The following is passed to find_word_bound:
- $self ..... the Term::Shelly instance
- $line ..... the line of text that we're doing a bound search on
- $pos ...... the position in the line that we are in
- $opts ..... A bit string (bitwise-AND'd integers) containing what
way to search
- $regex .... An optional argument containing a regular expression on
which to match word characters.
sub find_word_bound ($$$;$) {
my $self = shift;
my $line = shift;
my $pos = shift;
my $opts = shift || 0;
my $regex = "[A-Za-z0-9]";
my $bword;
$regex = shift if ($opts & WORD_REGEX);
# Mod?
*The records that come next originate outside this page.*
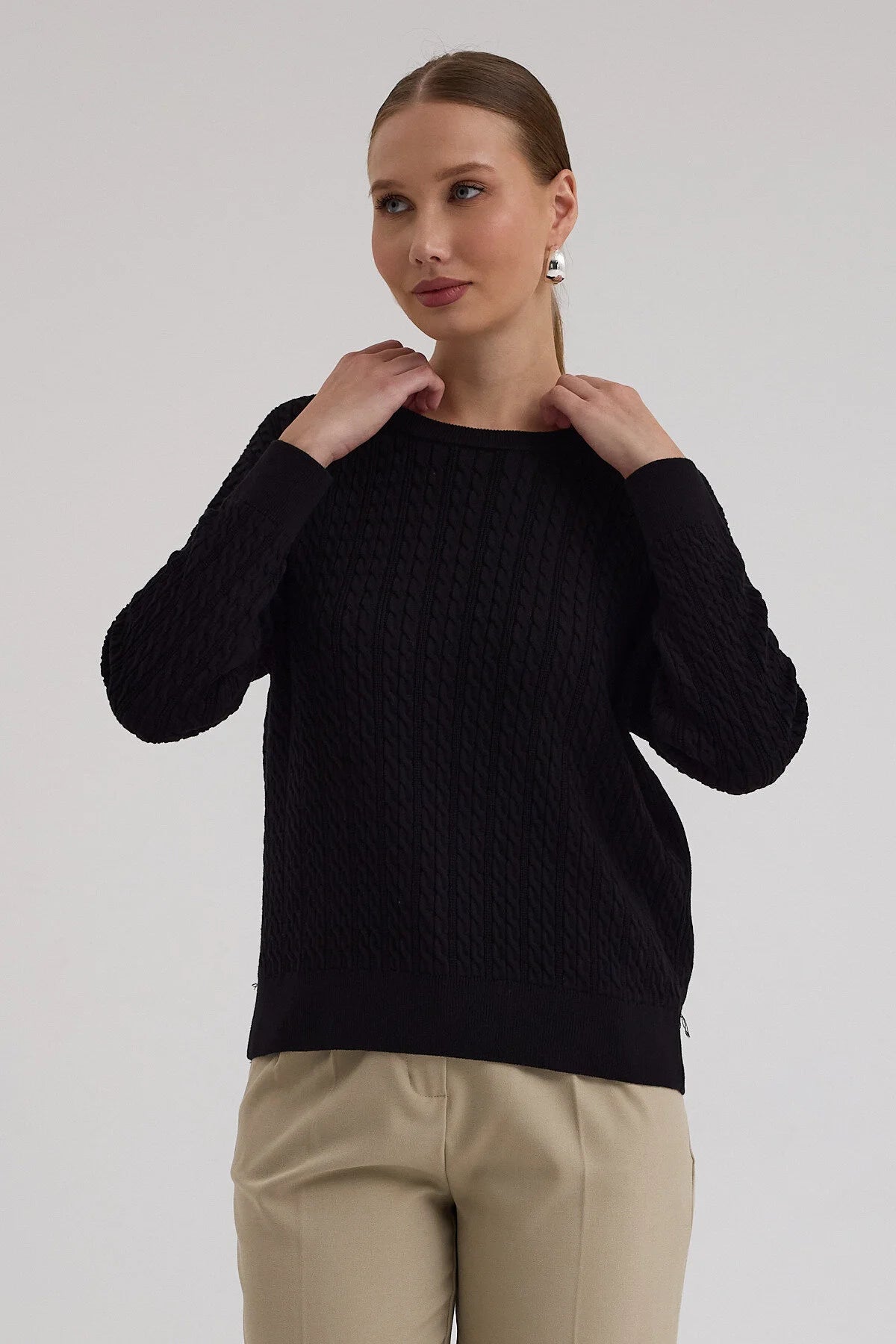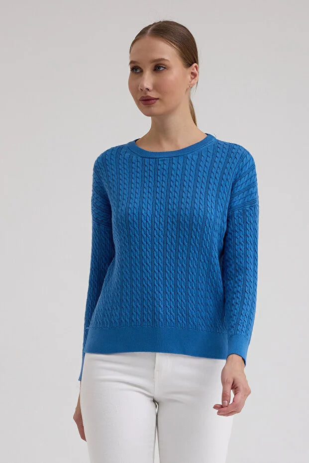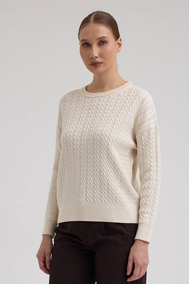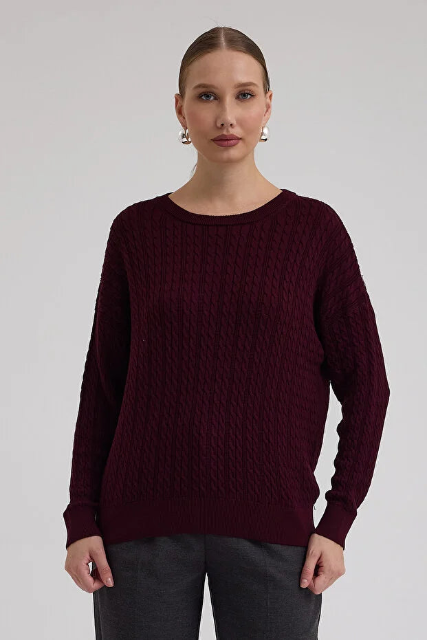 Lisanslı Saç Örgü Kayık Yaka Kazak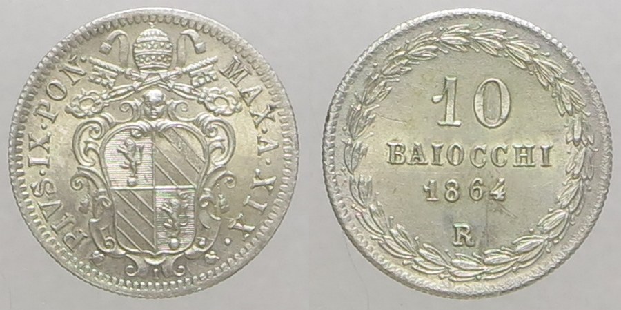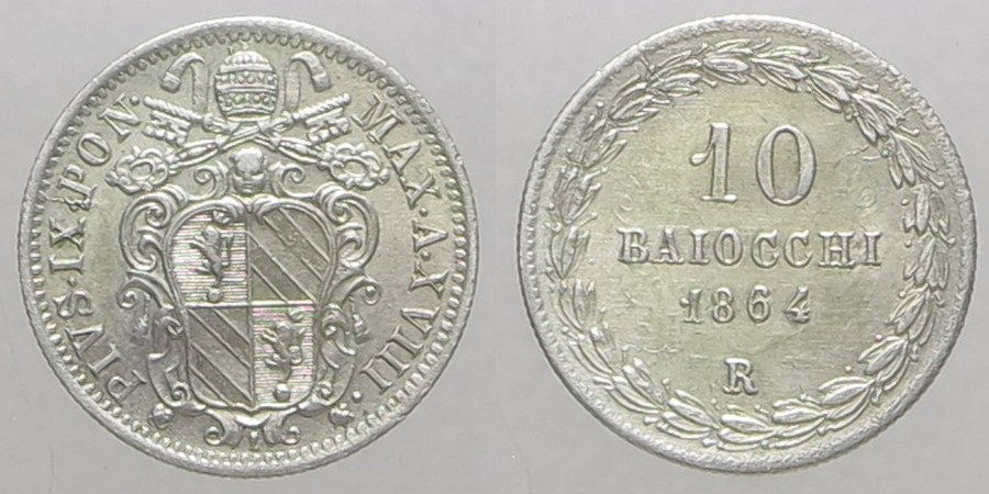 83. ROMA. Pio IX. 10 baiocchi 1864-XVIII. P.448. Ottimo BB...€.35,00.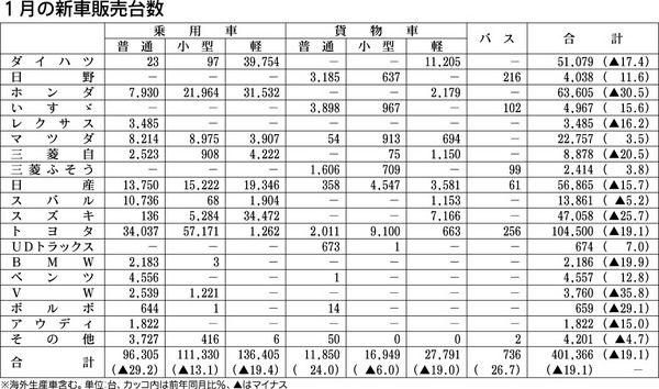 【1月の新車販売台数】

This is either -1 or +1 depending on if we're looking behind or
# if we're looking ahead.
my $mod = -1;
$mod = 1 if ($opts & WORD_END);
# What are we doing?
# If we're in a word, go to the beginning of the word
# If we're on a space, go to end of previous word.
# If we're on a nonspace/nonword, go to beginning of nonword chars
$bword = $pos;
# Back up if we're past the end of the string (cursor at end of line)
$bword-- if ($pos == $self->{"input_position"});
# Ignore trailing whitespace.
#$bword += $mod while (substr($line,$bword,1) =~ m/^\s/);
# If we're not on an ALPHANUM, then we want to reverse the match.
# that is, if we are:
# "testing here hello .......there"
# ^-- here
# Then we want to delete (match) all the periods (nonalphanums)
substr($regex, 1, 0) = "^" if (substr($line,$bword,1) !~ m/$regex/ &&
$opts & WORD_ONLY);
# Keep going while there's whitespace...
$bword += $mod while (substr($line,$bword,1) =~ m/\s/ && $bword >= 0);
# Back up until we hit the bound of our "word"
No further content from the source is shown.